#### Work task:
Among the entries below, take the line with "10月30日,涼州區(qū)" and the line with "Per donna A", and output them and every line between them exactly, with nothing else.

(Extracted data entries)
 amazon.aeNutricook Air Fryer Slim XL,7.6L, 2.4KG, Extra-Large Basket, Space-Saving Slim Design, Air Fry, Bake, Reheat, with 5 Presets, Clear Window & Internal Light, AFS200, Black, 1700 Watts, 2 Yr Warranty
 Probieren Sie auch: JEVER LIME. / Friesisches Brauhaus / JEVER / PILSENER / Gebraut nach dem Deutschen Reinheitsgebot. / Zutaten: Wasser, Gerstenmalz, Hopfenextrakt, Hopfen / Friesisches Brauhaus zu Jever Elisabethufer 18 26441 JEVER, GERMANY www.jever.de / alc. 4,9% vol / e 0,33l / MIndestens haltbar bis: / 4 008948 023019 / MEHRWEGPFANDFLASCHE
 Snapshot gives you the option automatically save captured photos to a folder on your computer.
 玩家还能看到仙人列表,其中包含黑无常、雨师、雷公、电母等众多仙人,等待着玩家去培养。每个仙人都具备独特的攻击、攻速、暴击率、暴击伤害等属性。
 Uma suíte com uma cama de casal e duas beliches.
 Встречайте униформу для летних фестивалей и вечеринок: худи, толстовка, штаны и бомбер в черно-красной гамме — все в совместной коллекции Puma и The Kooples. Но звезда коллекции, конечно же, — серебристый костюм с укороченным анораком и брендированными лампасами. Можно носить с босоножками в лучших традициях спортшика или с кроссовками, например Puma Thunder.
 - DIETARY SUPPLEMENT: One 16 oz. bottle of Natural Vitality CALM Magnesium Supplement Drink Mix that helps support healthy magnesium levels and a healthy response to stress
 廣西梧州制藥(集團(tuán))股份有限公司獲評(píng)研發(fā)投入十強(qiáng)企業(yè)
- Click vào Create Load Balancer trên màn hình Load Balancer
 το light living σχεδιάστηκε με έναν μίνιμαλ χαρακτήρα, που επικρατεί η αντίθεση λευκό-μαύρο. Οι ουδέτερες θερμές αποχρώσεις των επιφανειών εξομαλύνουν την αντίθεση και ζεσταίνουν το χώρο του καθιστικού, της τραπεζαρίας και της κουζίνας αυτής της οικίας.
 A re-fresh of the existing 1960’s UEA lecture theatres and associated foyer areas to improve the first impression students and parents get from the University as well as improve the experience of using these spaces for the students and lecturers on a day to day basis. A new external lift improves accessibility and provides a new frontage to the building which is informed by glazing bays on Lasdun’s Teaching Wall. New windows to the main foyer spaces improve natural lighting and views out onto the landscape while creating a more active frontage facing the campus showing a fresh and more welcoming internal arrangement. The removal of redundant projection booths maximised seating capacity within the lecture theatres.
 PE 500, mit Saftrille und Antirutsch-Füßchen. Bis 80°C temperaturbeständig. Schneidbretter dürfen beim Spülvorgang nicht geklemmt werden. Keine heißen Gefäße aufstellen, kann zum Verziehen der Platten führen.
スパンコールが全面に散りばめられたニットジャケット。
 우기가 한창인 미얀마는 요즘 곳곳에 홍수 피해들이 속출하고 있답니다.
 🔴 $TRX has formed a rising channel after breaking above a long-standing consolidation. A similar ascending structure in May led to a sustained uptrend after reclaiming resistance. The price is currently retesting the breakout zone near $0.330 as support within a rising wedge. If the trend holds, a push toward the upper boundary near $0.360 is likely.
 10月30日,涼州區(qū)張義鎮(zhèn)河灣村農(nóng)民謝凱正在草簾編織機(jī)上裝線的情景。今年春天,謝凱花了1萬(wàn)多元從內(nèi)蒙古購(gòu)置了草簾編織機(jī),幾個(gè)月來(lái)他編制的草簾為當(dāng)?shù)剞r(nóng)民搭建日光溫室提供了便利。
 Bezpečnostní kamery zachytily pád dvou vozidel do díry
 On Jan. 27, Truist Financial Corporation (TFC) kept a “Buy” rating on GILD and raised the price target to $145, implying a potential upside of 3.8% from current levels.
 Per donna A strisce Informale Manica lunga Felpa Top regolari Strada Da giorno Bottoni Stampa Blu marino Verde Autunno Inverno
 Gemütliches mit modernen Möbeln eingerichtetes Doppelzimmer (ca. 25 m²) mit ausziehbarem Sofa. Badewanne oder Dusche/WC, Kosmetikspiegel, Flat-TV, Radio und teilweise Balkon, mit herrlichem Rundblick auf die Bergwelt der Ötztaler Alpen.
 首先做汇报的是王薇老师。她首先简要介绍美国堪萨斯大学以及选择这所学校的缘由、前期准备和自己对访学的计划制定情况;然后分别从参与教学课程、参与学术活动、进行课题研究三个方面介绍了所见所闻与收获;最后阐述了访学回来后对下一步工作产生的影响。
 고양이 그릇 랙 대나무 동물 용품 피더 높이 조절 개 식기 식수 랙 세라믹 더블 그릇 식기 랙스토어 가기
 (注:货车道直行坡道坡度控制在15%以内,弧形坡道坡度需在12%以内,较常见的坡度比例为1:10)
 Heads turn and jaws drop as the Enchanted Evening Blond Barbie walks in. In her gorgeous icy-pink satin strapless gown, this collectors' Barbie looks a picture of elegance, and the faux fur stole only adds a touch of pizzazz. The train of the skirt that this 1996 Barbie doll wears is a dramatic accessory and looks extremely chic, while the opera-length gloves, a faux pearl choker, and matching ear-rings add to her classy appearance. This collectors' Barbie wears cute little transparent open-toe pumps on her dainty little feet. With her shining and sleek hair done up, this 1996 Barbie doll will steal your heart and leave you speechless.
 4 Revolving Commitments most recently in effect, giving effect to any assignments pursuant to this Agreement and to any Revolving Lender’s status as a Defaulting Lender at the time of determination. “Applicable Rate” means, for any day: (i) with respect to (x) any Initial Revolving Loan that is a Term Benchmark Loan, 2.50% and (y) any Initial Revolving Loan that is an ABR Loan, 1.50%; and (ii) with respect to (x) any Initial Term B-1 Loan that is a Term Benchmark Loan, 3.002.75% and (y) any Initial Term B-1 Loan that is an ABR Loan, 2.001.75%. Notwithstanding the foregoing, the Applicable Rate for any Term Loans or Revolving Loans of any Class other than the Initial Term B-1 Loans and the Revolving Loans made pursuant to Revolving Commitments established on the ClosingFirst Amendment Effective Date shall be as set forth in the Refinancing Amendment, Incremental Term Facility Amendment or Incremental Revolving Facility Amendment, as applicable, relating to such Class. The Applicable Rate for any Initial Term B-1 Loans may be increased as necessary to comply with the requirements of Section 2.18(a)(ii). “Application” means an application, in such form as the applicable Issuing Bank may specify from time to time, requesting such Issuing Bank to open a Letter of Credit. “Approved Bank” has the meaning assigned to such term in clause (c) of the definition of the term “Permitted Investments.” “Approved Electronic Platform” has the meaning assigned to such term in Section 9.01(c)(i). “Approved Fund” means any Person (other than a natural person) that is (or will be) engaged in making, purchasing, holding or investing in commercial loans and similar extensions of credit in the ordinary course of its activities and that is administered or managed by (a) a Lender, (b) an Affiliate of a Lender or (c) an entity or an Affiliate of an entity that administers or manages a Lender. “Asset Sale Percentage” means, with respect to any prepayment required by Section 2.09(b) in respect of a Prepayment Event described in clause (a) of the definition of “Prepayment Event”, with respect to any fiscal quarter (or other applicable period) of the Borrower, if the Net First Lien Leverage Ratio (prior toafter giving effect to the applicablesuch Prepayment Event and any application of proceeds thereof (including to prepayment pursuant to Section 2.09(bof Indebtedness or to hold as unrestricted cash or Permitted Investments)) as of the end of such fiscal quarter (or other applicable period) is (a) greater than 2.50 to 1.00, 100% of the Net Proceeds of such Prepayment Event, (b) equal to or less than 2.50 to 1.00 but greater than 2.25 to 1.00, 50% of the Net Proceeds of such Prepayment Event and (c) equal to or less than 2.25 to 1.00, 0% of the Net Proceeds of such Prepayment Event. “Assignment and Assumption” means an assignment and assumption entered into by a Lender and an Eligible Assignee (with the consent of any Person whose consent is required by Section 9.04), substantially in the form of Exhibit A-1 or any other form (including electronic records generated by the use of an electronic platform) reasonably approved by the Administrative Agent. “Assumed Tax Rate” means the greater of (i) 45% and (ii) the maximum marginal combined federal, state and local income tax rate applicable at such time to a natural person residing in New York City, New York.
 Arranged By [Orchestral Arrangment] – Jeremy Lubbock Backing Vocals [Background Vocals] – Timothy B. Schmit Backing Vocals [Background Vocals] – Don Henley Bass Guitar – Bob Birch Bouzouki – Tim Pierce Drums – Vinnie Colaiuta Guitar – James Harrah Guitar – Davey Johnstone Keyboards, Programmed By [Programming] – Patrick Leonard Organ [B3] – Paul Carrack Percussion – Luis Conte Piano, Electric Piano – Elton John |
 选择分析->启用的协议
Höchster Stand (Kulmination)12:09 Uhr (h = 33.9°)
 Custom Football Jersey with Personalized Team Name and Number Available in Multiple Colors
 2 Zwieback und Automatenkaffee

#### Exercise solution:
 10月30日,涼州區(qū)張義鎮(zhèn)河灣村農(nóng)民謝凱正在草簾編織機(jī)上裝線的情景。今年春天,謝凱花了1萬(wàn)多元從內(nèi)蒙古購(gòu)置了草簾編織機(jī),幾個(gè)月來(lái)他編制的草簾為當(dāng)?shù)剞r(nóng)民搭建日光溫室提供了便利。
 Bezpečnostní kamery zachytily pád dvou vozidel do díry
 On Jan. 27, Truist Financial Corporation (TFC) kept a “Buy” rating on GILD and raised the price target to $145, implying a potential upside of 3.8% from current levels.
 Per donna A strisce Informale Manica lunga Felpa Top regolari Strada Da giorno Bottoni Stampa Blu marino Verde Autunno Inverno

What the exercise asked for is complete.